However, this conclusion neglected a component of the universe that had been hypothesized from the earliest days of cosmology. Having written down the relativistic field equations of gravity in 1915, AlbertEinstein set out in 1917 to answer a question that had stumped Isaac Newton: What does gravity predict for an infinite uniform mass distribution? Both Newton and Einstein assumed without question that the situation must remain static (ironically, Einstein was unaware of Slipher’s evidence to the contrary, published the same year). But Einstein showed transparently that this only could be so if the equations of both Newtonian and relativistic gravity were modified. A large-scale repulsion had to be introduced to counteract the attraction of matter to itself. The magnitude of this repulsion was controlled by a new fundamental parameter, Λ: the “cosmological constant.” Einstein saw this as determining the curvature of space-time in the absence of matter, but subsequent work (especially by Andrei Sakharov and by Yakov Zeldovich in the 1960s) proposed an alternative interpretation: that Λ represented the energy density of the vacuum.
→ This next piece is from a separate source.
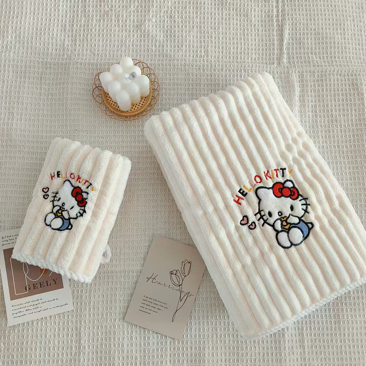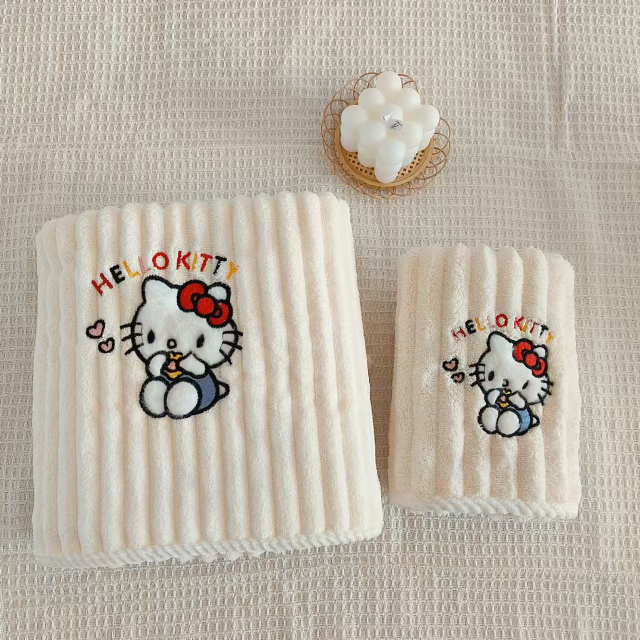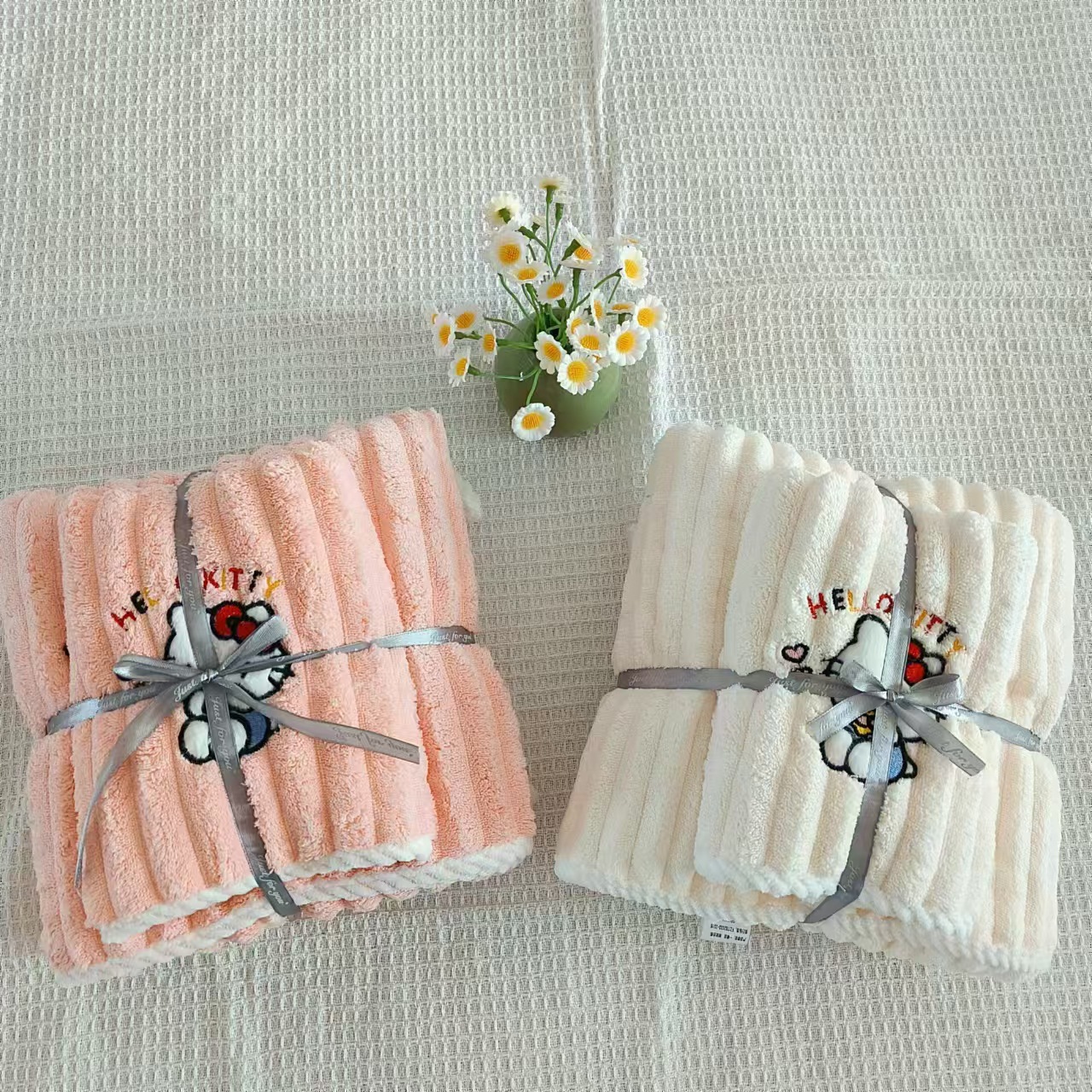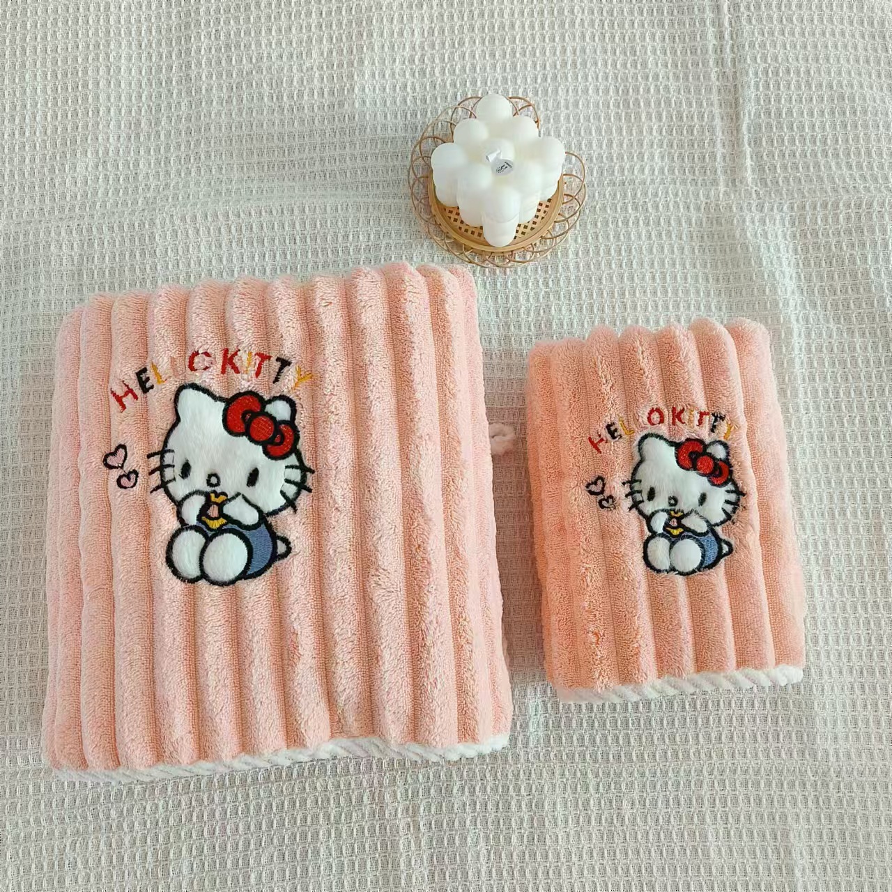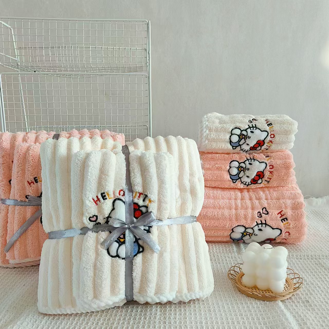 새로운 헬로 키티 산호 양털 수건 목욕 수건 학생 기숙사 흡수성 보풀이없는 빠른 건조 여성의 귀여운 어린이스토어 가기

Although such a concept may sound self-contradictory, it is inevitable from the point of view of quantum mechanics. A completely empty vacuum would constitute perfect knowledge and violate the uncertainty principle. The vacuum density can be estimated by adding up the zero-point energy of wave modes of the electromagnetic field—but the result is infinite, and a finite calculation arises only if the sum is truncated at some maximum frequency. But to avoid exceeding even the rather rough upper limits that could be estimated with 1960s data, this cutoff frequency needed to be somewhere in the infrared, which makes no sense. Assigning the cutoff to new physics that lurks beyond the energy scale of the largest particle accelerator yields an estimate that exceeds the limits by roughly sixty powers of ten. Faced with this grotesque failure, the reaction of most cosmologists was to assume that some yet-to-be discovered argument would cancel such contributions, so that Λ = 0.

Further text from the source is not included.